Information technologies and human societies co-evolve, transforming each other in the process - changes in one affects changes in the other as in a spiral. The accelerating evolution and revolution in information technologies is having an unprecedented impact on human information behavior, needs, and expectations. The results of this technological and societal upheaval are shaping transformations and innovations in library and information services. All kinds of libraries – physical, digital, and hybrid - are reinventing traditional services and developing new ones. Many of these emerging services are inventive, creative, and even unexpected. Publishers and vendors are providing libraries with e-resources and e-tools that enable opportunities for reaching our diverse users in innovative ways, physically and virtually. In addition, users are increasingly turning to libraries for a variety of non-traditional services, from fresh ways of attaining information literacy to using technology for their own creative and productive ends.

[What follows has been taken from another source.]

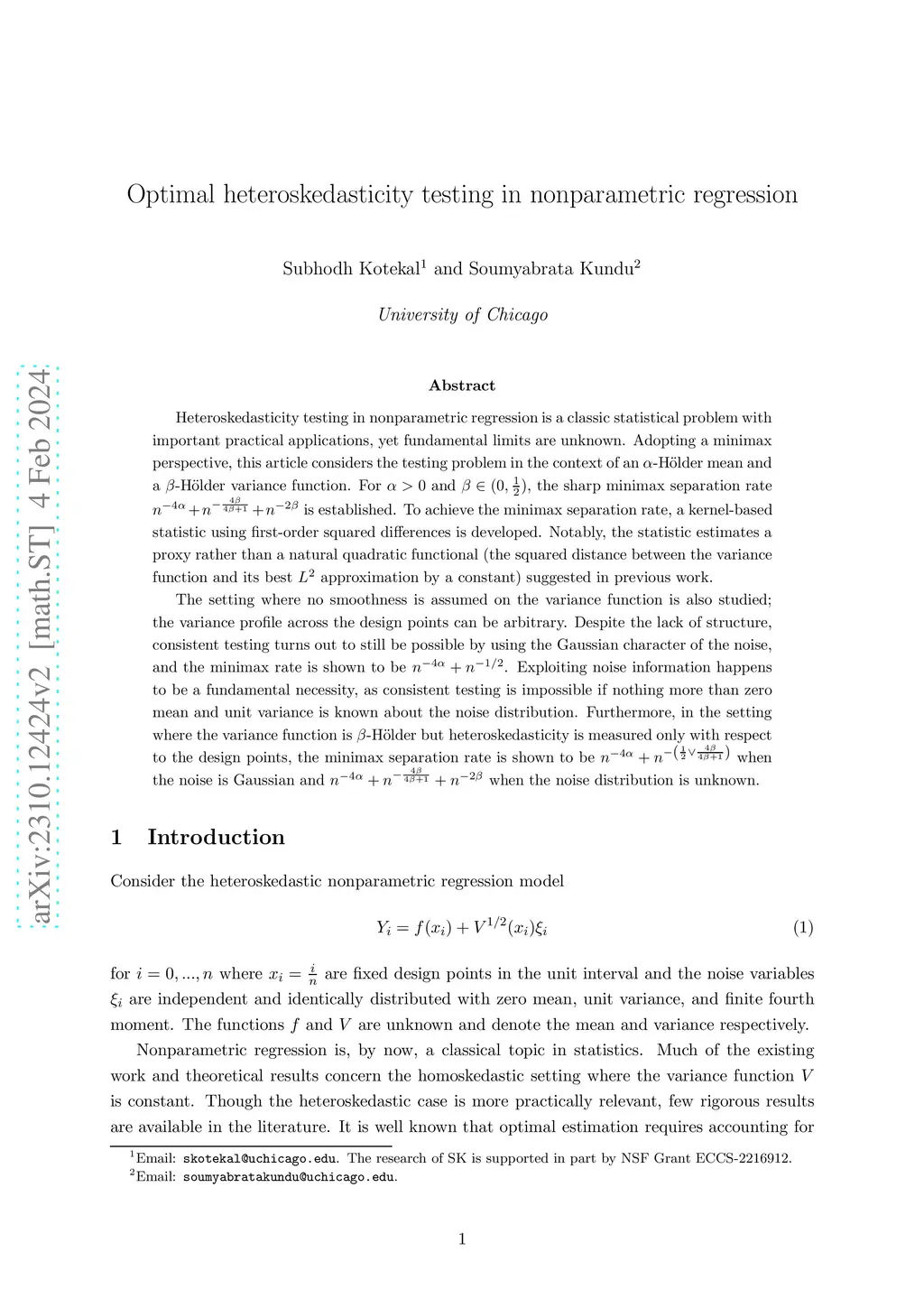 Heteroskedasticity testing in nonparametric regression is a classic statistical problem with important practical applications, yet fundamental limits are unknown. Adopting a minimax perspective, this article considers the testing problem in the context of an -H\"{o}lder mean and a -H\"{o}lder variance function. For and , the sharp minimax separation rate is established. To achieve the minimax separation rate, a kernel-based statistic using first-order squared differences is developed. Notably, the statistic estimates a proxy rather than a natural quadratic functional (the squared distance between the variance function and its best approximation by a constant) suggested in previous work. The setting where no smoothness is assumed on the variance function is also studied; the variance profile across the design points can be arbitrary. Despite the lack of structure, consistent testing turns out to still be possible by using the Gaussian character of the noise, and the minimax rate is shown to be . Exploiting noise information happens to be a fundamental necessity as consistent testing is impossible if nothing more than zero mean and unit variance is known about the noise distribution. Furthermore, in the setting where the variance function is -H\"{o}lder but heteroskedasticity is measured only with respect to the design points, the minimax separation rate is shown to be when the noise is Gaussian and when the noise distribution is unknown.

The goal of Part I of LIDA 2012 is a) to examine and assess changes in library services that are currently taking place or that have occurred over the last decade or so and, b) to explore efforts, concepts, and ideas related to shaping library services for effective use by a variety of users in evolving technological and social environments. As in Part I, the general aim is not only to reflect and synthesize evolving service concepts, but even more so to help expand current efforts and to develop pragmatic suggestions or models for comparing, evaluating, and improving a diverse range of future efforts.

Contributions (types described below) are invited covering the following topics:

  • evaluation of library services; evaluation of quality and interoperability of digital libraries and their services;
  • evaluation of the impact of emerging and merging information technology on library services; technological challenges faced by libraries, librarians, and users;
  • impact and challenges of social networks on library services; library participation;
  • study of variety of library user groups or potential users: scholars, students, different user generations, children, elderly, technology-challenged, and others;
  • fundamental and practical transformations in traditional library services;
  • reports on examples of innovative library services in all kinds of libraries;
  • changes in public and/or academic library services; transformation to web-based services, integration of services in social network sites;
  • reports on innovative efforts related to new or transformed services, such as information literacy, employment help, provision of technology access, and others;
  • role of library services in e-learning, distance education, and e-scholarship;
  • services to users of large scale repositories of scholarly data and reports, historical records, or institutional documentation;
  • emergence of new library visions and missions related to users and their reflection in new services; relation to traditional library missions and values;
  • discussion about general issues: How are we to understand new or transformed library services in their own right? In relation to traditional library services and values?
  • acceptance of and resistance to new services? What are pressures, challenges, and opportunities for significant innovations related to library services?